# Fluval stratum with gravel?



## aquariumrookie (Jan 28, 2014)

Hey guys! I started a 5.5 gal planted betta tank with fluval stratum. All of the plants are growing very well healthy. However, sometimes, a plant floats up and when I re plant it, the tank gets very cloudy. So, I was thinking about putting a layer of gravel on top. But, the packaging states that the stratum should never be mixed with other substrates. I would like to add some gravel to prevent cloudy water and plants floating up. Would this be ok?
Thank you!


----------



## MamaJu (Jun 4, 2013)

What kind of plants do you have? I had the same problem with Fluval Stratum. I don't recommend putting gravel on top of the Stratum.
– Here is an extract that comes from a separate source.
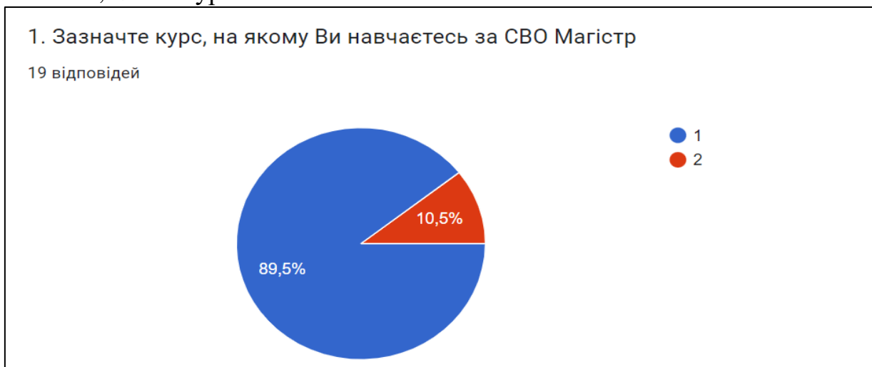
Рис. 1. Структура опитуваних здобувачів вищої освіти

На питання « Я беру участь у наукових міжнародних/ всеукраїнських або щорічних наукових конференціях у ПДАУ» респонденти відповіли наступним чином:

I think that the weight of the gravel will crush the substrate, causing the Stratum to break down into finer dust. Then you get dust all over your plant leaves  

Eventually I just threw moss on top of the substrate to keep the cloudiness down. You have to be very careful when changing the water too. I usually pour in a little at a time trying to avoid disturbing the Stratum.


----------



## Zoidborg (Jan 29, 2014)

I did this before, the stratum does break down. Huge dust storm during pwc!

I have since replaced with new Fluval stratum sans gravel layer.


----------